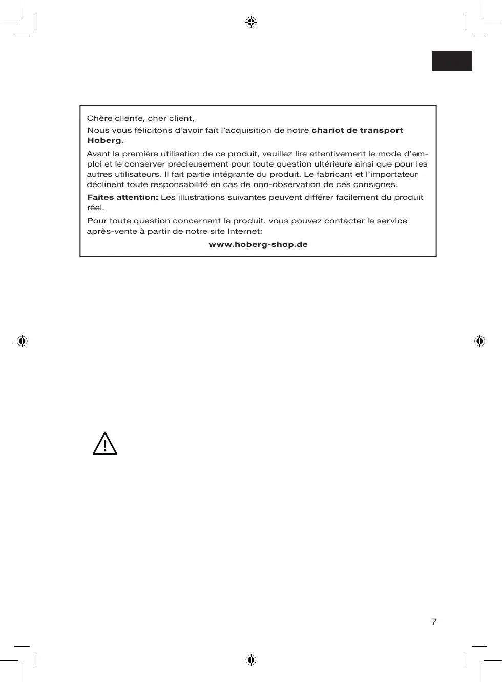Nous vous félicitons d’avoir fait l’acquisition de notre chariot de transport
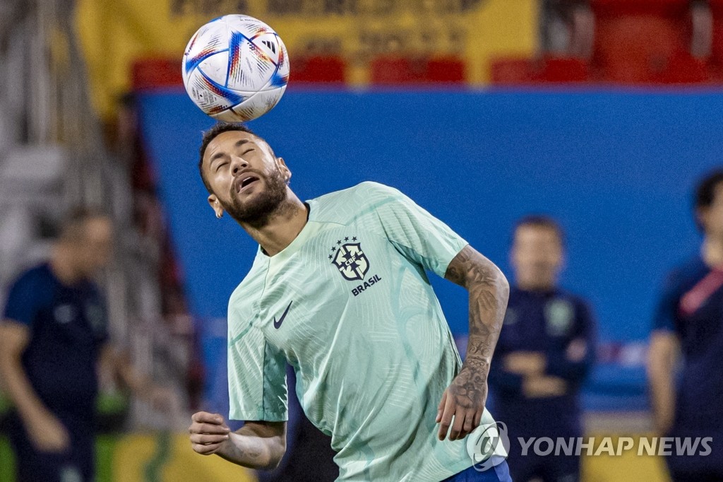 | ▲ 헤딩 연습하는 네이마르 (도하 EPA=연합뉴스) 브라질 축구 국가대표팀의 네이마르가 4일(현지시간) 카타르 도하에서 다음날 예정된 카타르 월드컵 16강 한국전을 대비해 훈련을 하고 있다. 2022.12.05 2022435@yna.co.kr |
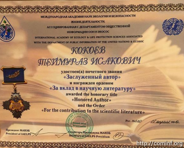 Как рассказал ИА «Рес» Теймураз Кокоев вручение наград состоялось первого июля на заседании Северо-Кавказского регионального отделения МАНЭБ во Владикавказе.
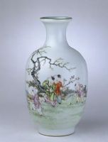 瓶撇口,细颈,椭圆形腹部,圈足。通体在白釉上饰粉彩绘一群眉清目秀、雪白粉嫩的小童敲锣打鼓、燃放爆竹的节庆嬉戏景象。口、足边描饰金釉,瓶内壁施绿釉,底绿釉上蓝料彩双方栏内书“大清乾隆年制”六字篆书款。
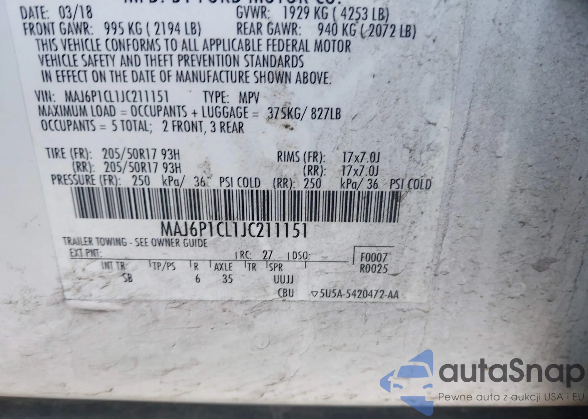 LOT: 43652445 VIN: MAJ6P1CL1JC211151
________
What the exercise asks | Pictures are to be omitted. The lines from the line holding "瓶撇口,细颈,椭圆形腹部,圈" through the closing line of the data above are to be set down exactly, and nothing more.

Task response |
 瓶撇口,细颈,椭圆形腹部,圈足。通体在白釉上饰粉彩绘一群眉清目秀、雪白粉嫩的小童敲锣打鼓、燃放爆竹的节庆嬉戏景象。口、足边描饰金釉,瓶内壁施绿釉,底绿釉上蓝料彩双方栏内书“大清乾隆年制”六字篆书款。
 LOT: 43652445 VIN: MAJ6P1CL1JC211151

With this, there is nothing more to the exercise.